Costco's enterprise agentic AI platform decomposes into five capability layers. Each is an architectural concern, with its own ownership, technology decisions, and governance posture.

Layer 1

AI Strategy & Tech Business Mgmt

Establishes AI technology strategy and standards
Governs investments and organizational behavior
Ensures alignment with priorities and responsible behaviors

Layer 2

AI Platform

Shared enterprise platform supplying core orchestration, tooling, integration
Technical governance and operational services for AI agents
The substrate every team builds on

Layer 3

Data & Analytics

Delivers and governs high-quality, trusted data to power AI agents
Provides data and analytics capabilities that inform AI strategy
Continuously shapes the enterprise direction

Layer 4

Solution Delivery & Management

Designs, delivers, and manages AI use cases end-to-end
Ensures solutions are built, deployed, and continuously improved
Delivers measurable business value

Layer 5

Infrastructure, Operations & Security

Resilient, secure, and optimized cloud and infrastructure services
Continuously runs AI solutions responsibly across the enterprise
The runway under everything

Fig 8. The five layers. Strategy at the top sets direction; the platform layer is the substrate every team builds on; data feeds it; solutions ride on it; infrastructure runs underneath. The two purple-highlighted layers are the ones the deck treats as bookends.

06

Now the parts list — Level 3 capabilities, by domain.

Drilling down: the platform's seven internal domains and the specific Level 3 capabilities each one ships. An asterisk-marked existing capability means it lives in Costco's estate today and will need enhancements during use-case enablement.
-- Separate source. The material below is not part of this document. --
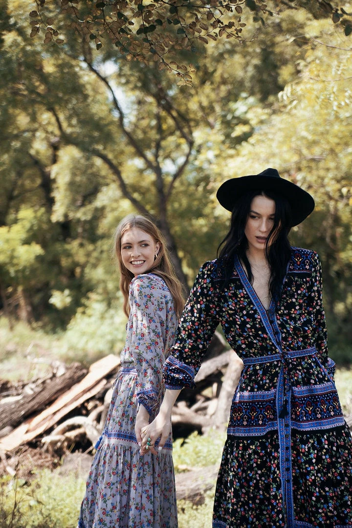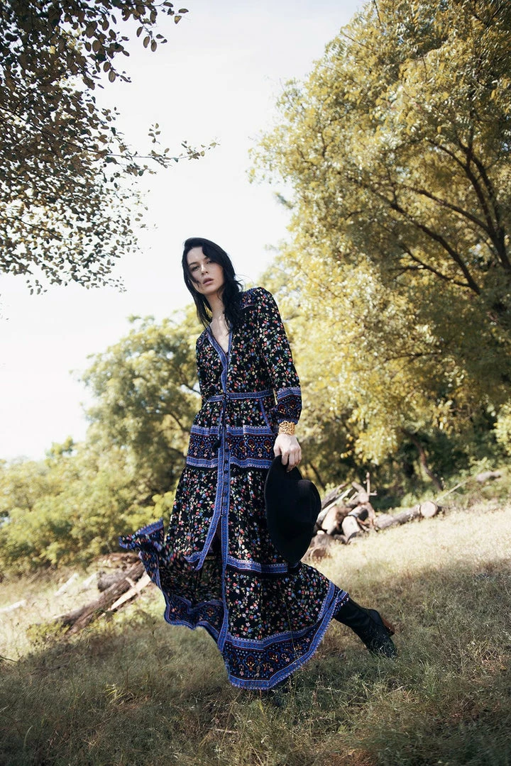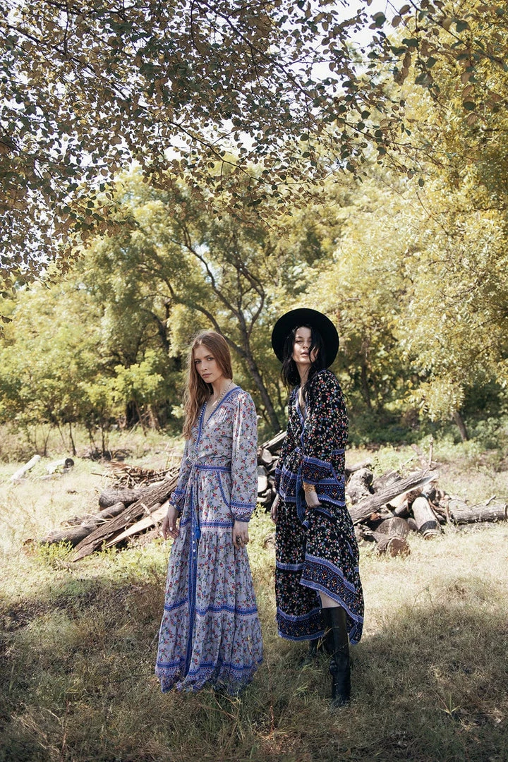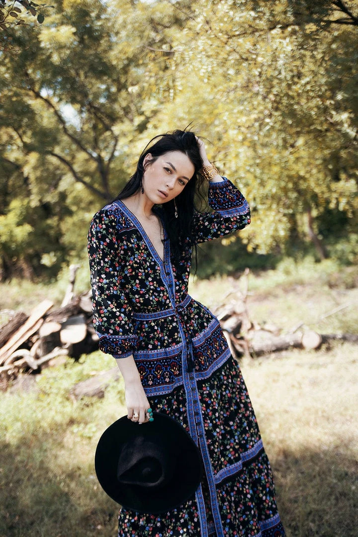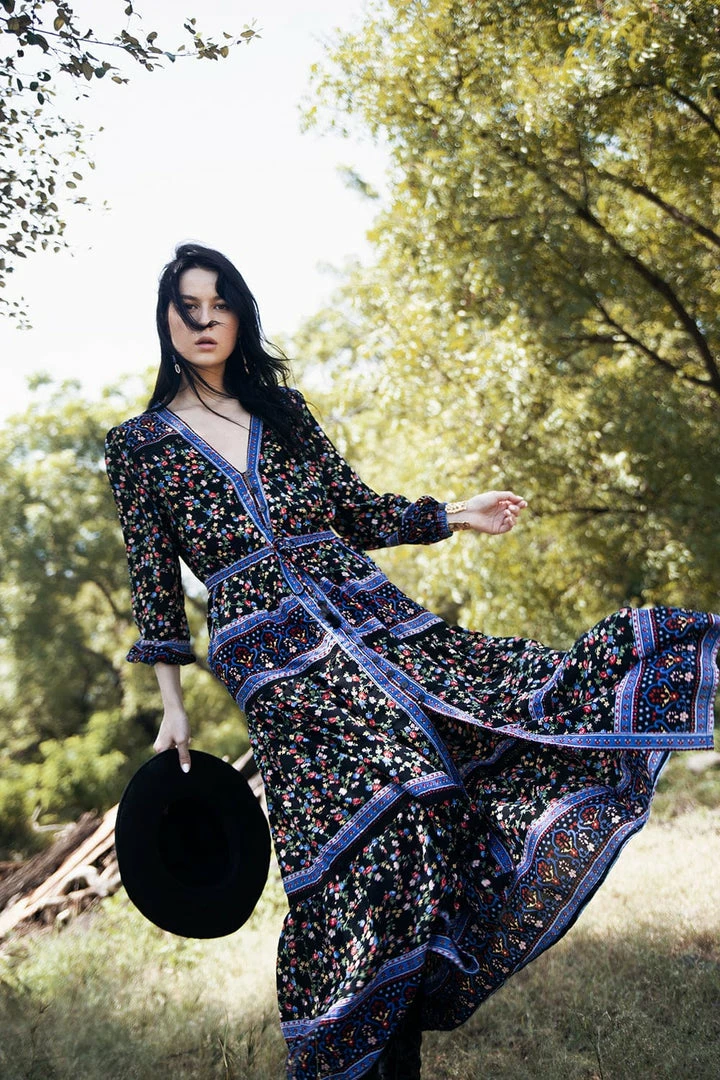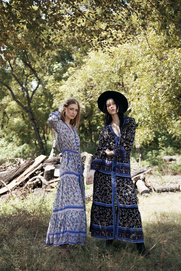 Introducing the Captivating New Alannah Maxi, a glorious gypsy queen style that perfectly showcases our whimsical ditsy charm print scattered with tiny wildflowers. The ultimate feminine style for romantic lunches with your love or drinks with friends, this dress will take you anywhere. This boho maxi dress is beautifully generous and sweeps into a stunning tiered cascade , providing the ultimate swish. This floral maxi dress is sure to impress at your next meeting with its effortless elegant silhouette and lady like details. Drift away on a cloud of beautiful soft fabric, you will want this dress in every colour.Â

Domain	Level 3 capabilities
Cloud & Infrastructure	Server / Container (Agent Run Time) · Cost Control (Tagging, Budgets, Alerts) · Observability (Telemetry) · Identity & Access Management · Network Management (VPC, Subnets, Routes) · API Management · Standards & Policy Management (NIST Controls) · Vulnerability Management
Data	Enterprise Data Governance (Data Catalog) · Analytical Data Stores · Operational Data Stores (Near & Real-time Data Products) · Object Storage · Data Security Management (Masking, Encryption) · Data Integration Management (ETL, Pub/Sub, CDC)
Knowledge	Knowledge Ingestion (semi-structured, unstructured, structured) · Knowledge Retrieval (retrieval strategies) · Knowledge Synthesis (synthetic data generation) · Metadata Management · Taxonomy Management · Ontology Management · Knowledge Graph (KG creation using taxonomy + ontology) · Vector Stores (embedding persistence)
Model	Model Registry (approved foundation models) · Model Fine-Tuning (domain adaptation) · Model Benchmarking (right-fit per use case) · Model Security (Guardrails, Content Filter)
Agent	Agent Orchestration (no-code, low-code, pro-code) · Agent Explainability (activity & token consumption tracking) · Agent Memory · Prompt Registry · Agent Tools and Protocols (MCP, A2A, connectors)
Agent Governance	Agent Certification (1P + 3P) · Agent Evaluation (LLM as judge, statistical metrics) · Human Feedback (thumbs up/down, structured) · Agent Security (identity, data, tool controls) · Agent Registry (1P + 3P)
AI Operations	Experimentation (build, deploy, monitor) · Serving (ML inferencing) · Agent Deploy · Agent Observability (Model, Application, Agent, Prompts, Ingestion pipelines) · Agent Improvement (feedback integration) · AI Gateway (Model, Agent) · MCP Gateway (Tools)

07

The technology decisions — GCP first, but not GCP only.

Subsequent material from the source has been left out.